跳至主要内容

Diversity Outbred mice better predict potential human responses to chemical exposures

A genetically diverse mouse model is able to predict the range of response to chemical exposures that might be observed in human populations, researchers from the National Institutes of Health have found. Like humans, each Diversity Outbred mouse is genetically unique, and the extent of genetic variability among these mice is similar to the genetic variation seen among humans.
Using these mice, researchers from the National Toxicology Program (NTP), an interagency program headquartered at the National Institute of Environmental Health Sciences (NIEHS), were able to identify specific genes or chromosomal regions that make some mice more susceptible, and others more resistant, to the toxic effects of benzene.
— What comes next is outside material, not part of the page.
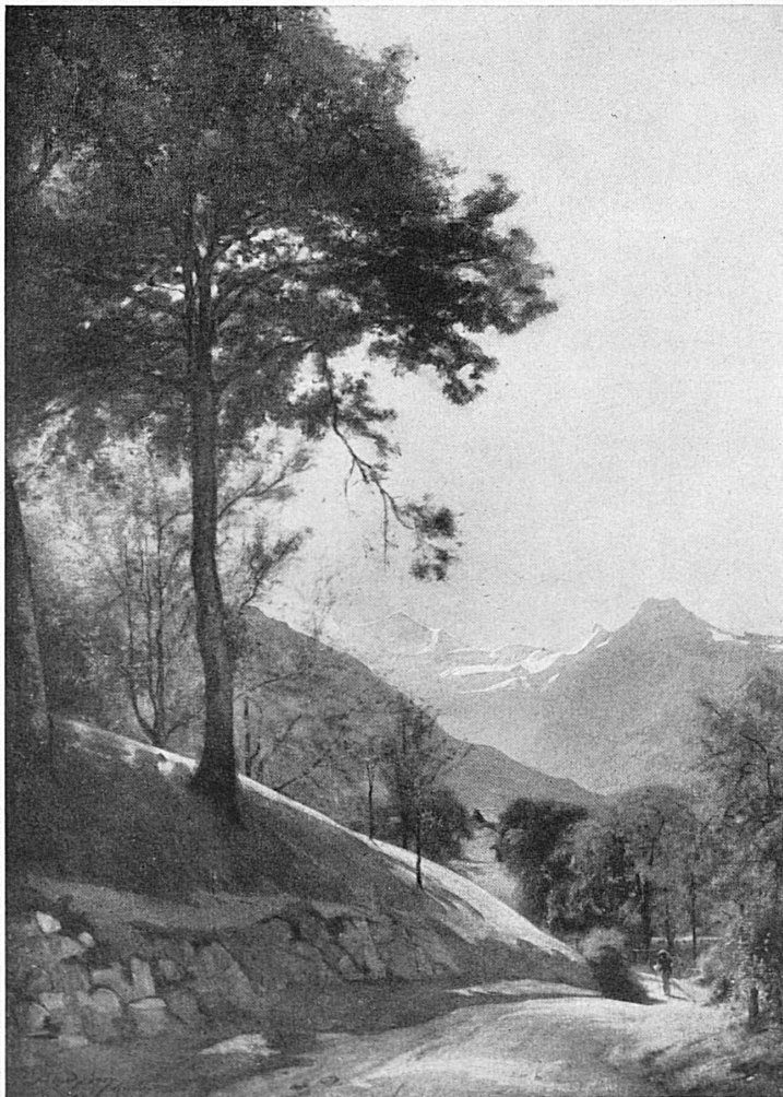
Oben: Giovanni Segantini: Aus dem Triptychon der Alpenwelt. Unten: Auguste Baud Bovy: Landschaft bei Aeschi. En haut: Giovanni Segantini: Partie du Triptyque des Alpes. En bas: Auguste Baud Bovy: Paysage près d'Aeschi, lac de Thoune.

Seit 50 Jahren widmet sich die Eidgenössische Gottfried-Keller-Stiftung der schweizerischen Kunstpflege und ist für die Erhaltung älteren wertvollen Kunstgutes und für die Förderung lebender Künstler besorgt. Zum Jubiläum dieser schönen Institution veranstaltet das Kunstmuseum Bern eine Ausstellung, die uns einen prächtigen Überblick über die vielseitige Tätigkeit der Stiftung gibt. Um den Besuch der Schau möglichst zahlreichen Schweizern zu ermöglichen, gewähren die Bahnen im Wochenende vom 18./19. Juli, 29./30. August 12./13. September die Vergünstigung « Einfach für Retour » nach Bern.

Benzene is a common air pollutant and human carcinogen found in crude oil, gasoline, and cigarette smoke, and naturally produced by wildfires and volcanoes.
The scientists found that, like humans, each Diversity Outbred mouse developed at The Jackson Laboratory, Bar Harbor, Maine, responded to the effects of the chemical exposure differently. Exposure responses were assessed by measuring the frequency of micronucleated red blood cells, a biological marker of chromosomal damage, which is a hallmark of benzene exposure. The researchers measured the levels of this biomarker in each mouse before and after exposure.
Some mice demonstrated extraordinary sensitivity to the exposure, while others showed no response. The range of response from lowest to highest was approximately 5-fold. Since the researchers knew the genetic makeup of each mouse, they could pinpoint the regions involved in susceptibility or resistance to the chemical exposure, and then look for related genetic regions in human chromosomes.
A graph showing how mice react to benzene exposure.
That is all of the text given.